Here at the Times, we would like to share photos of an exhibit that was once on view at the Smithsonian and has since been moved to the International Museum of the Horse (IMH) at Kentucky Horse Park in Lexington. These photos were taken by Times staff during a visit to the IMH in 2015.
Hanging Out at the IMH: The skeleton of Kentucky-bred champion racer and stallion Lexington was relocated to the IMH in 2010 from the Smithsonian in D.C., where he had been on view since Woodburn Farm’s A.J. Alexander donated the remains there in 1878.
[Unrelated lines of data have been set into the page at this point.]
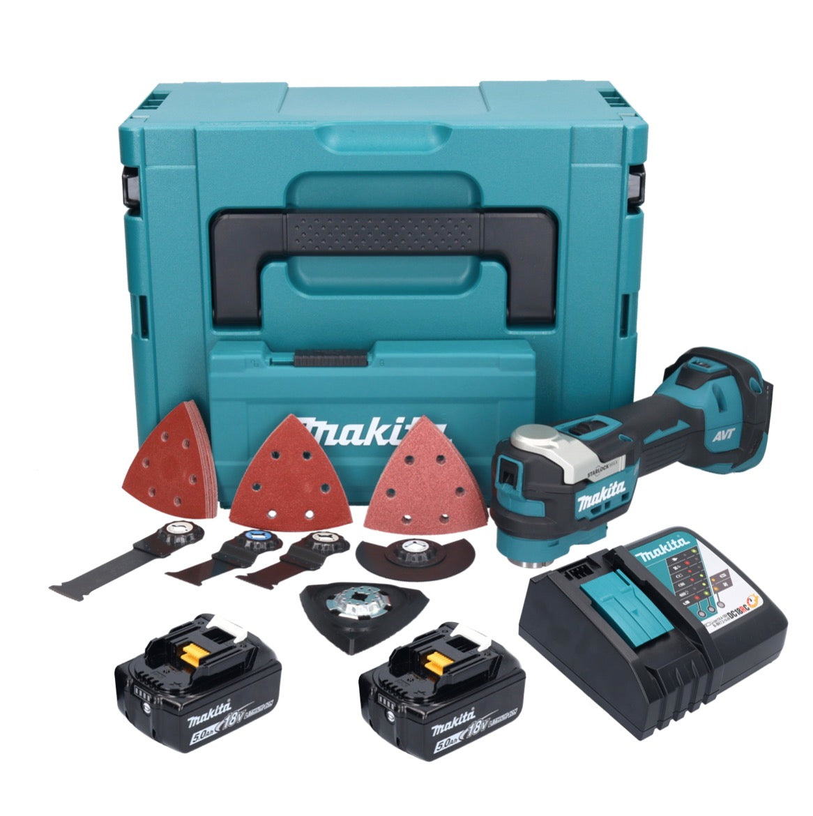 Makita DTM 52 RTJX4 Outil multifonctions sans fil 18 V Starlock Max Brushless + 2x batterie 5,0 Ah + chargeur + kit accessoires + Makpac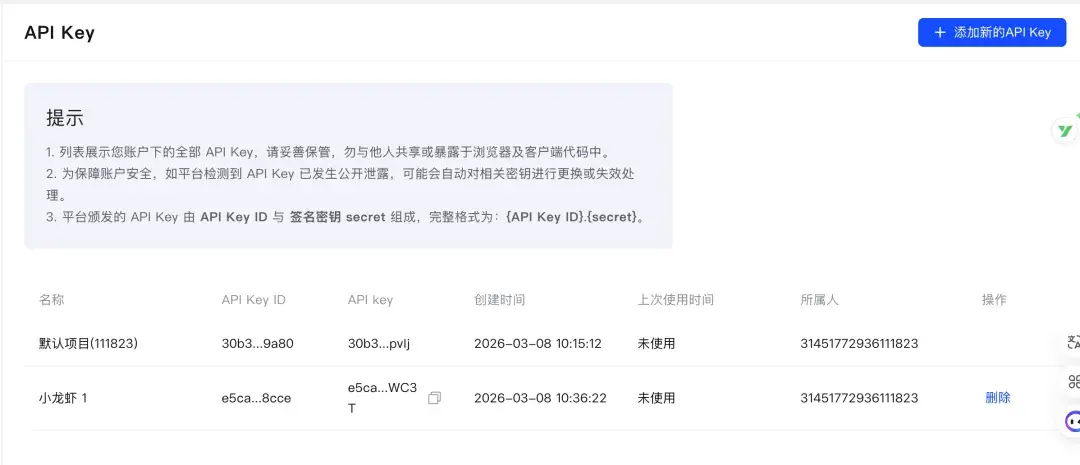 创建一个小龙虾1的项目,专业系统会自动一个 API key ,右侧有一个复制的按钮,点击复制就可以拿到完整的 API key 了。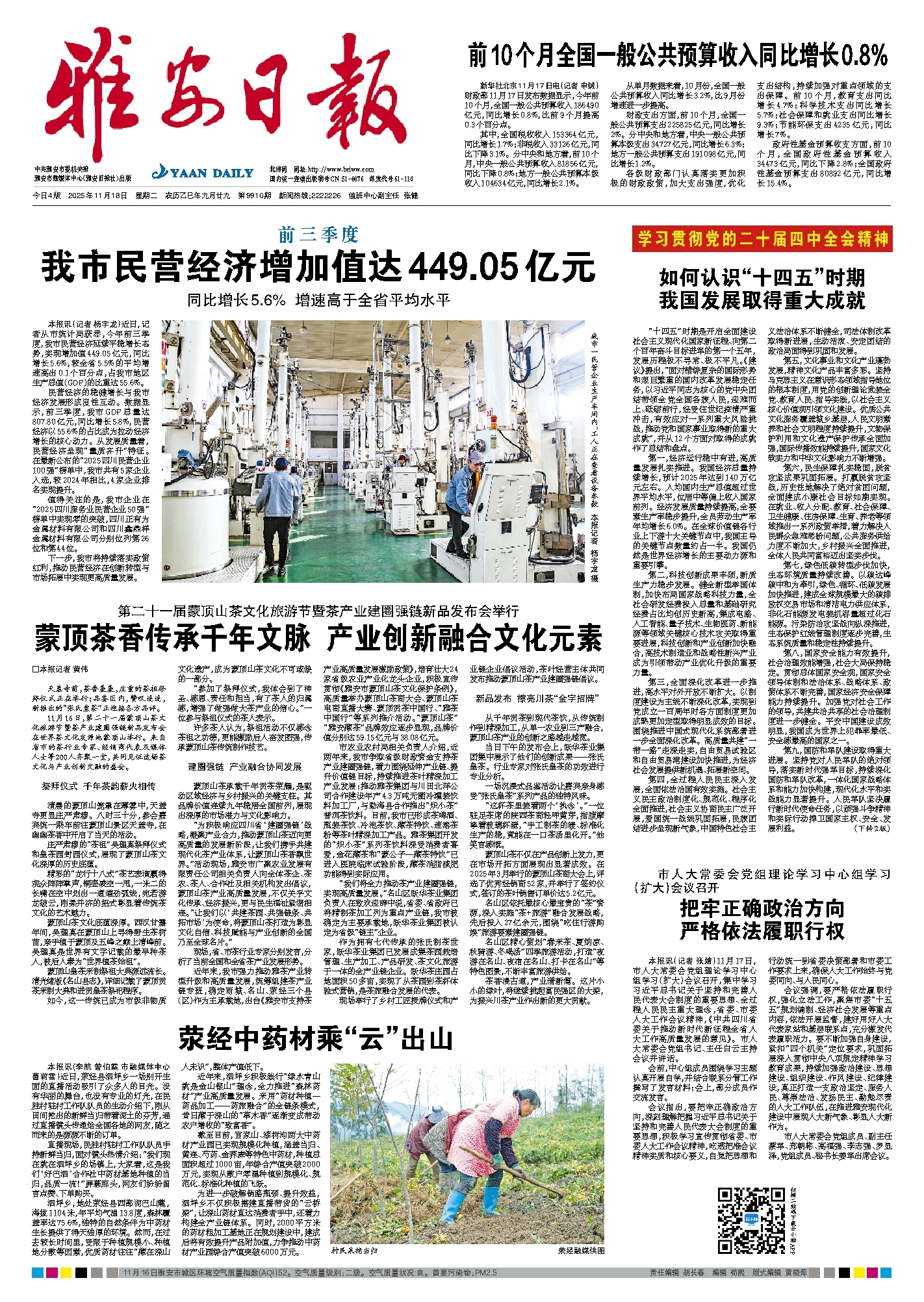 第一,经济运行稳中有进,高质量发展扎实推进。我国经济总量持续增长,预计2025年达到140万亿元左右。人均国内生产总值超过世界平均水平,位居中等偏上收入国家前列。经济发展质量持续提高,全要素生产率稳步提升,全员劳动生产率年均增长6.0%。在全球价值链各行业上下游十大关键节点中,我国主导的关键节点数量约占一半。我国仍然是世界经济增长的主要动力源和重要引擎。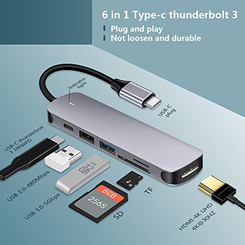 ShanFeng Adattatore USB C per MacBook Pro / Air, adattatore 6 in 1 con uscita HDMI 4K, lettore di schede SD/TF, 100 W PD compatibile con Surface Pro 7, iPad Pro, e altri dispositivi di tipo C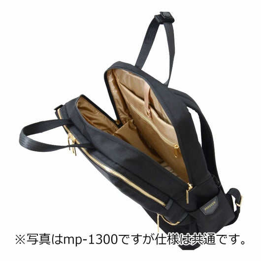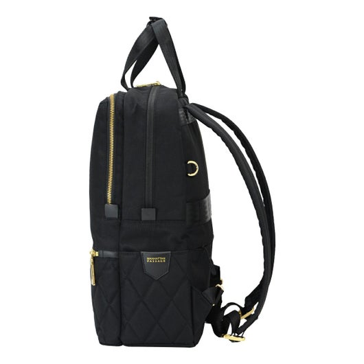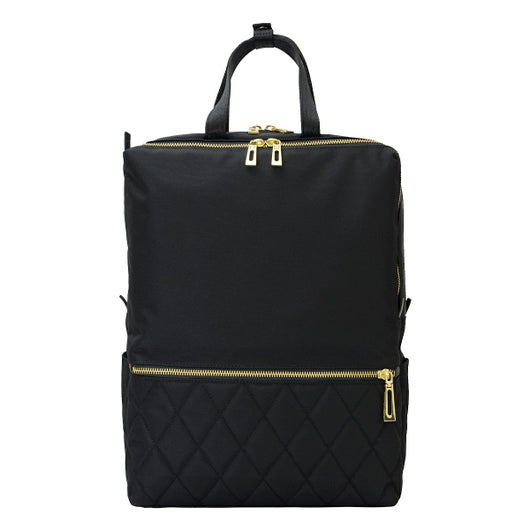 A4対応の軽量リュック。カジュアルでもビジネスでもどんなシーンにも合わせやすいシンプルなデザイン。フェイスのキルティングが都会的な雰囲気を演出します。裏地とファスナーのゴールドがアクセントになっています。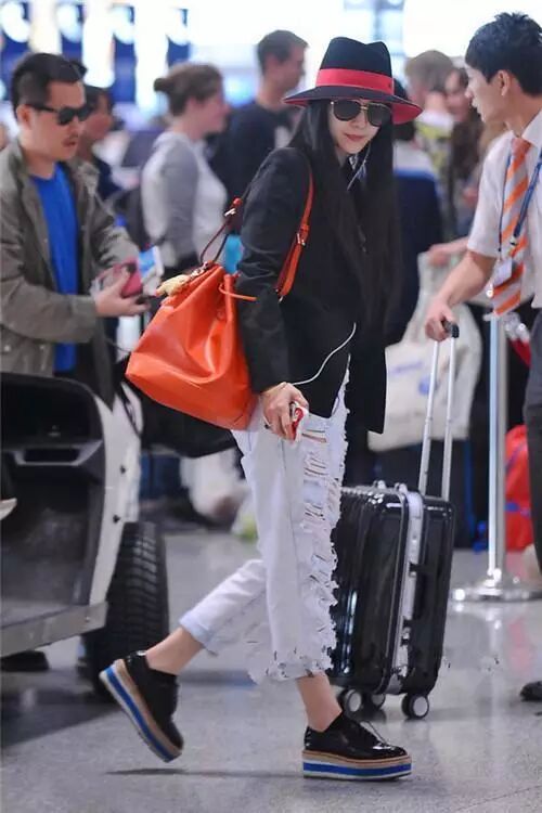 范冰冰机场街拍穿西装外套搭配宽松牛仔裤,很休闲有没有?宽松的牛仔裤也不会显得很胖哦。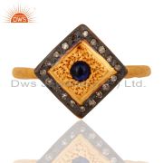 Pave Diamond Blue Sapphire18k Gold Plated 925 Sterling Silver High Fashion Ring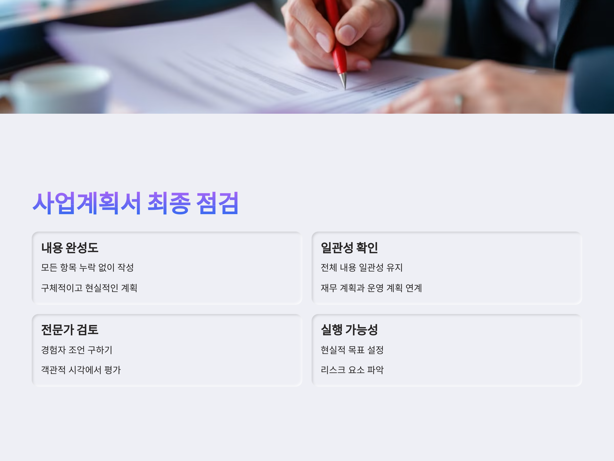 사업계획서는 작성 후 최종 점검이 필요합니다. 모든 항목이 명확하게 작성되었는지, 누락된 부분은 없는지 꼼꼼히 확인해야 합니다. 사업계획서가 완성되면 투자자나 금융기관에 제출하여 자금을 조달하고, 사업을 시작할 수 있습니다.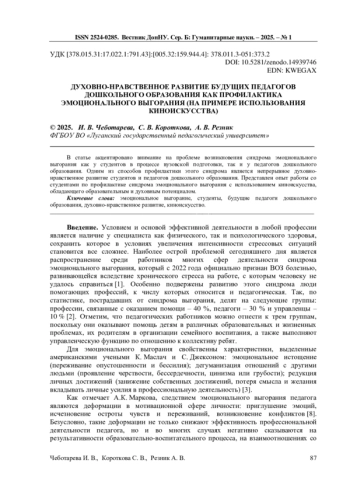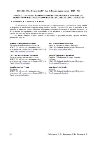 В статье акцентировано внимание на проблеме возникновения синдрома эмоционального выгорания как у студентов в процессе вузовской подготовки, так и у педагогов дошкольного образования. Одним из способов профилактики этого синдрома является непрерывное духовно- нравственное развитие студентов и педагогов дошкольного образования. Представлен опыт работы со студентами по профилактике синдрома эмоционального выгорания с использованием киноискусства, обладающего образовательным и духовным потенциалом.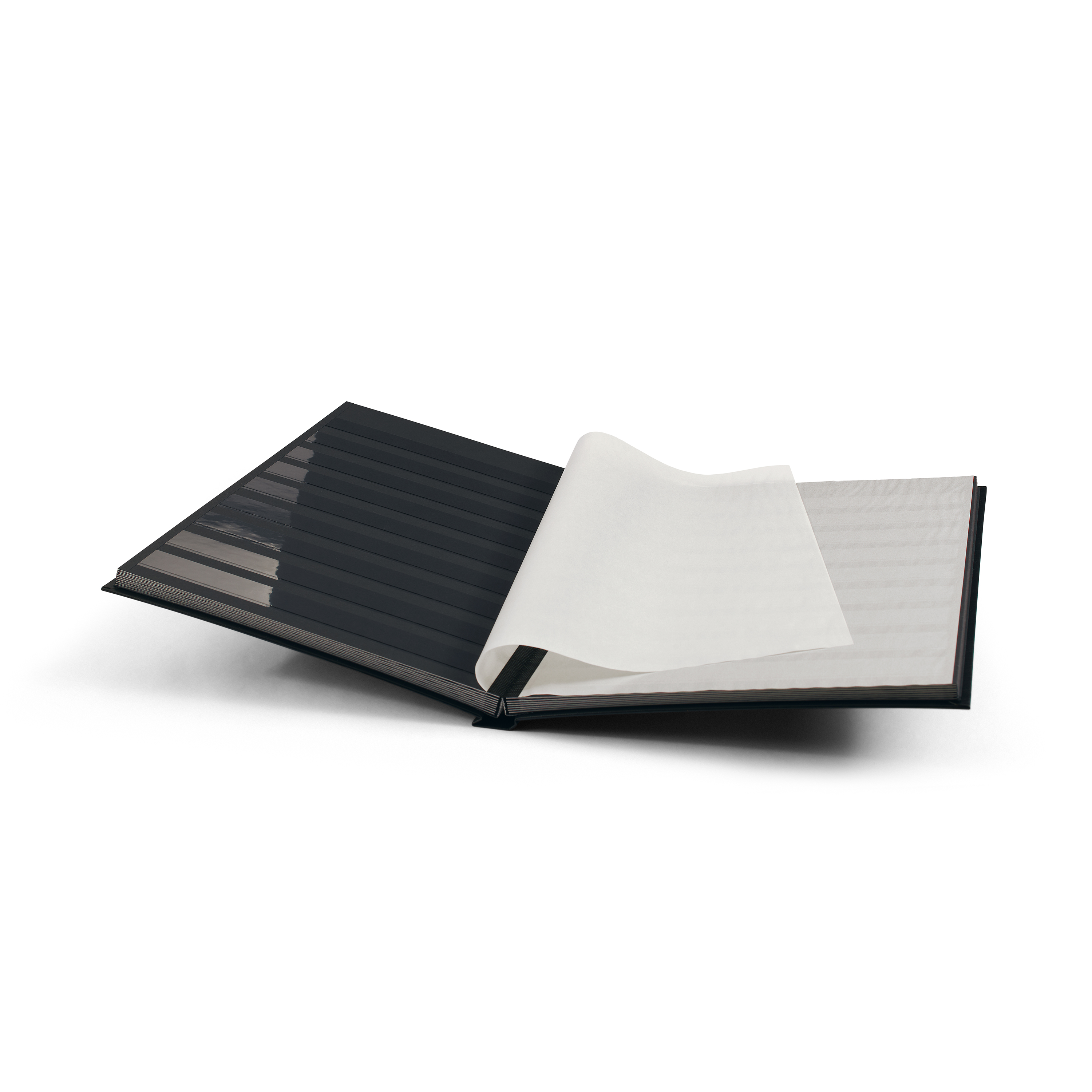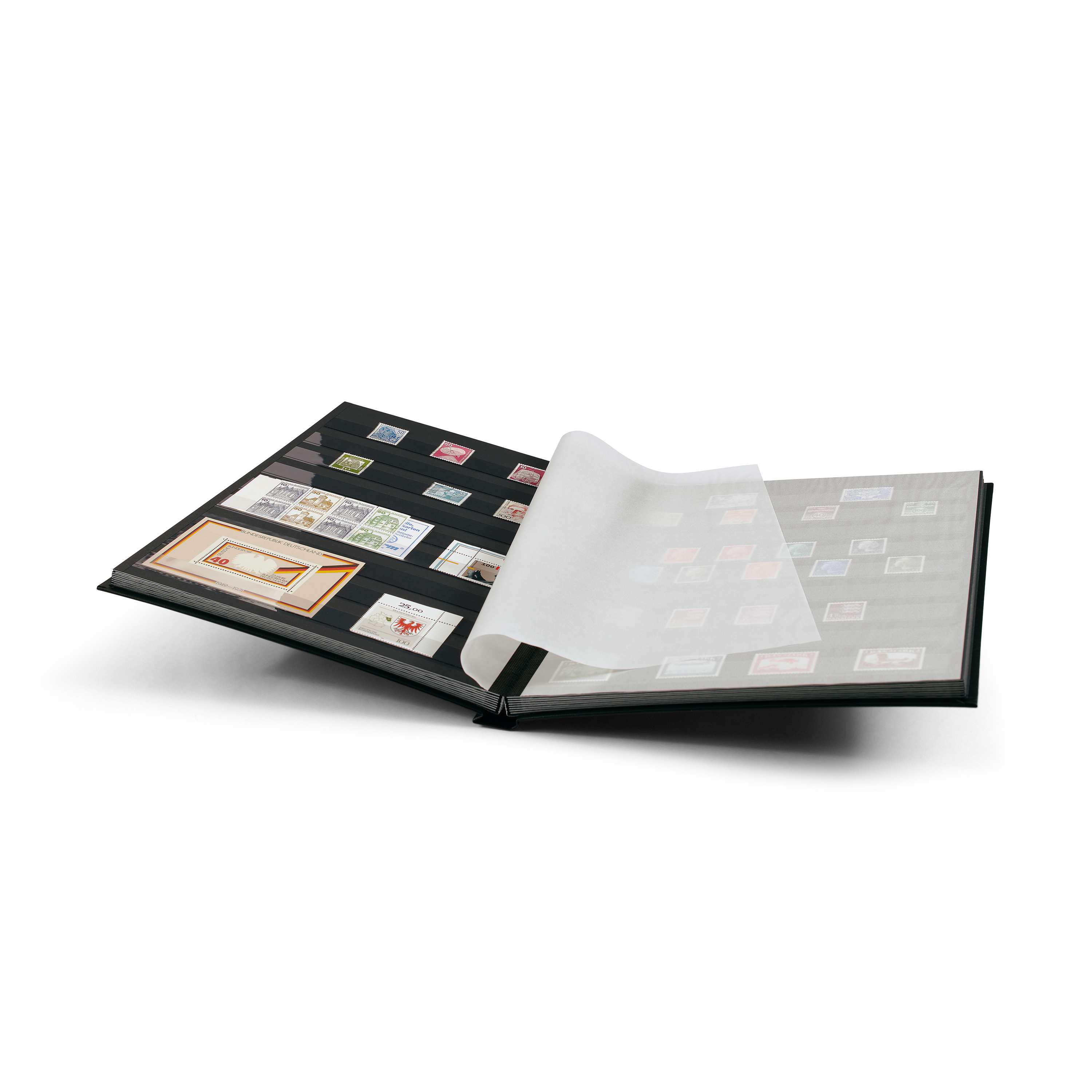 BASIC stockbook A4* with 32 black sheets and un-padded cover. Incl. 9 clear strips per page, interleaves and double hinge binding.

Before the relocation, Lexington had been showcased in a Smithsonian exhibit at the National Museum of Natural History’s Osteology Hall, but in the early years (as reported in an 1880 museum visitor’s guide) he had been sharing space with a range of unlikely comrades—the Hadrosaurus Foulkti (dinosaur), a kangaroo lizard, a Himalayan tortoise, two ostriches and a llama—unfortunately no barn cats or goats to keep him company!
Winning Memorabilia: Housed in the same room of the IMH is a case displaying a trophy from the 1853 Citizen’s Stakes, a two-miler that took place at Lexington’s Kentucky Association Track and was won by a three-year-old named Darley.
Richard Ten Broeck, the proprietor of New Orleans’ Metairie Race Course, recognized Darley’s talent and immediately purchased the colt, whom has since been known to the world as the mighty Lexington.
Left photo: Darley’s Citizen’s Stakes trophy by Garner & Winchester Silversmiths, Lexington, KY, 1853, coin silver; on loan to the IMH from the Kentucky Historical Society.